Management Plan: Acute Care in the Emergency Setting
Initial Stabilization
· Oxygen therapy: Administer supplemental oxygen if the patient is hypoxic or shows signs of respiratory distress.
· IV fluids: Start intravenous fluids to correct dehydration, which can exacerbate a vaso-occlusive crisis. Use caution not to overload fluids, especially in patients with acute chest syndrome.
· Analgesia: Pain control is critical. Administer opioid analgesics (e.g., morphine, fentanyl) promptly. Avoid NSAIDs in patients with renal impairment.
· Specific Management
· Vaso-occlusive crisis:
o Provide aggressive hydration and analgesia.

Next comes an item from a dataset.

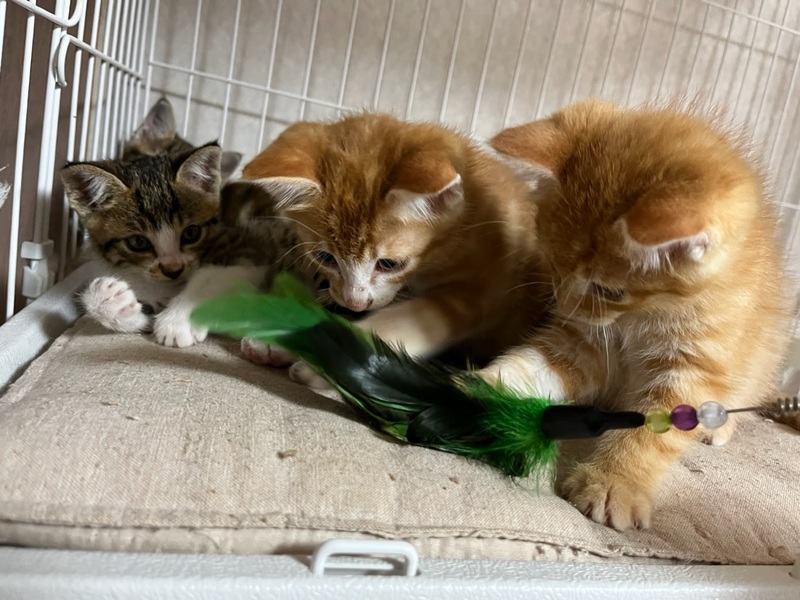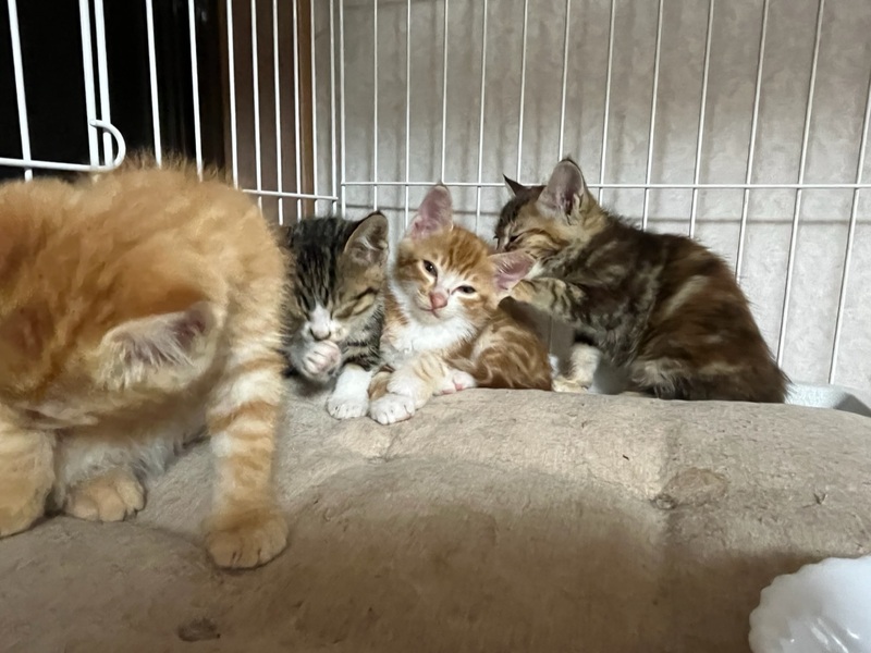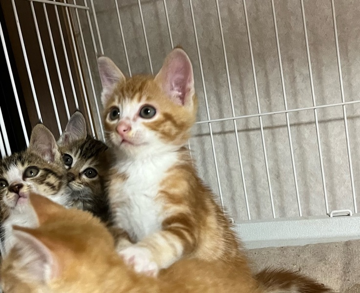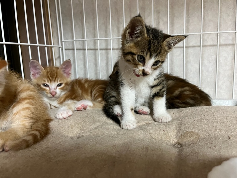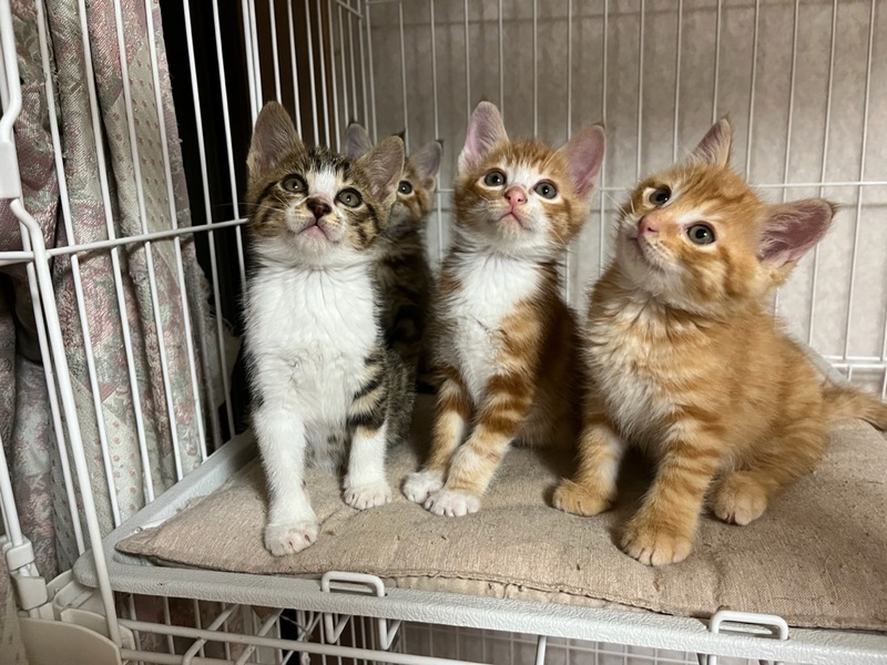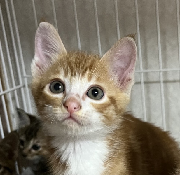 | 特徴(性格など) | 【見た目】 アメショ風 茶トラの男の子です。 (レッドクラシックタビー&ホワイト) もう少しふっくらしてくればもっとかわいいお顔になると思います。 顔付きはマズル(鼻筋)が長めでシュッとしていて、毛色的にはアメショが混ざっているようです。 毛並みは和猫で、固めのさわり心地。 尻尾は長くてまっすぐです。 【性格】 保護後1~2日はケージの隅にうずくまってなかなか顔も見れませんでしたが、 今はゴロゴロと甘えるようになりました。 毎日どんどん人慣れしてきています! 最初からべた慣れな子もかわいいですが、こういうシャイな子は慣れるとすごく甘えん坊なことが多いです。 食いしん坊な一面があり、同じく食いしん坊なキジ白ちゃんとご飯の取り合いになると、「みゃん!」と怒ってご飯の皿を抱え込みます笑 怖がりさんで、一匹だとお家になじむのに時間がかかりそうなので、できればどちらかの兄弟2匹でもらっていただける方だとうれしいです。 もちろん一匹でも、ご応募は可能です。 ゆっくりとこの子と向き合ってくださる方、お待ちしております。 【健康状態】 猫風邪はほぼ完治。 栄養が足りていなかったのか、まだ痩せています。 今は頑張ってたくさん食べて、ふっくら健康を目指している最中です。 トイレは完璧! 猫エイズ・白血病検査については、まだ月齢が幼く、負担が大きいこと&正確な結果が出ないため未検査です。 |

o Consider blood transfusion if there is evidence of severe anemia or acute organ damage (e.g., stroke, acute chest syndrome).
· Acute chest syndrome:
o This is a medical emergency requiring immediate intervention.
o Treat with oxygen, broad-spectrum antibiotics (to cover Streptococcus pneumoniae and Mycoplasma pneumoniae), and consider exchange transfusion if the patient is deteriorating.
· Stroke:
o Immediate exchange transfusion is indicated to reduce the percentage of sickled cells.
o Consult neurology and hematology for ongoing management.
· Infections:
o Administer broad-spectrum antibiotics if infection is suspected.
o Empiric coverage should include ceftriaxone or cefotaxime, and consider adding macrolides for atypical organisms if there’s respiratory involvement.
Long-term Management and Prevention
Hydroxyurea: Patients on hydroxyurea should be encouraged to continue their medication. Hydroxyurea increases fetal hemoglobin (HbF) levels, reducing the frequency of sickling episodes.
Blood transfusions: Consider chronic transfusion therapy for patients with recurrent complications, especially strokes or acute chest syndrome.
Vaccinations: Ensure the patient is up-to-date with vaccines, including Streptococcus pneumoniae, Neisseria meningitidis, and Haemophilus influenzae.
Sickle Cell Disease is a complex condition that requires prompt, targeted interventions in the emergency department. By asking the right history-taking questions, performing a thorough examination, and selecting appropriate investigations, junior doctors can manage both the acute and chronic complications of SCD. Early recognition and intervention, especially in cases of acute chest syndrome and stroke, can significantly improve outcomes.